Unpaid summer jobs may no longer be a problem

If all goes as planned, students who would normally turn down internships because of prohibitive costs may have the opportunity to apply for stipends starting next fall.

Details of the project have yet to be worked out, but Tufts Community Union (TCU) senators are excited now that money from this month’s $100 million Omidyar donation has been set aside for an internship stipend fund.

“The money has been earmarked; it’s just a question of when,” said TCU Historian senior Ed Kalafarski said. A student and faculty committee has yet to be put together to work out the details of the project.

All of the donation made by Pierre and Pam Omidyar will go into a microfinance investment fund. The fund will give loans to small businesses in developing countries. Half of the interest from these loans will go back into the microfinance fund, while the other half will go back to Tufts.

“It’s kind of a victory that any of the money is going to campus programs,” Kalafarski said. According to Kalafarski, the expected interest return is nine percent.

There is much to be settled before the program becomes a reality for students.

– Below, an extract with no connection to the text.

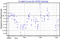 V533 Carinae was one of many small amplitude variable stars detected from an analysis of Hipparcos photometry. It was granted its variable star designation in 1999 as a batch of 2,675 new variables.[15] It is classified as an Alpha Cygni type variable and its brightness varies from magnitude +4.69 to +4.75 as measured on the Hipparcos photometric scale.[5] A period of 1.58499 days and an average visual amplitude of 0.0146 magnitudes are quoted although the variations are not strictly regular.[2]

Despite enthusiasm from the Senate, Dean for Undergraduate Education James Glaser was cautious in his description of plans for the project.

“There are no details yet because it is too early,” Glaser said. “It was just announced two weeks ago, and the president was in India, so there’s plenty of things that have to happen before this goes into place.”

Senator Rafi Goldberg, a senior, played a key role working with administrators to set up the internship stipend fund. Starting six months ago, he attended several meetings helping to conceptualize the program.

Fundraising for an internship stipend was originally slated to fall under the University’s next capital campaign, before the news of the Omidyar donation broke.

Goldberg will not be at Tufts to witness the completion of this project, but he is happy about “the fact that the student body was able to successfully advocate for a program that’s really important,” he said. “It’s a testament to how receptive the administration can be here.”

The creation of an internship stipend fund was a central part of Goldberg’s unsuccessful campaign for TCU President last spring. He wanted to do this project so less privileged students would not have to chooe between “a summer in Washington and a summer at Wal-Mart.”

“We want [Tufts students] to get that real world advantage, and to have that competitive advantage in the real world,” Goldberg said. He said most of the funding will probably go towards helping students in non-profit and government internships.

“It’s all very preliminary,” Glaser said. “I’m not even sure when the money is delivered. There’s quite a bit of work we have to do.”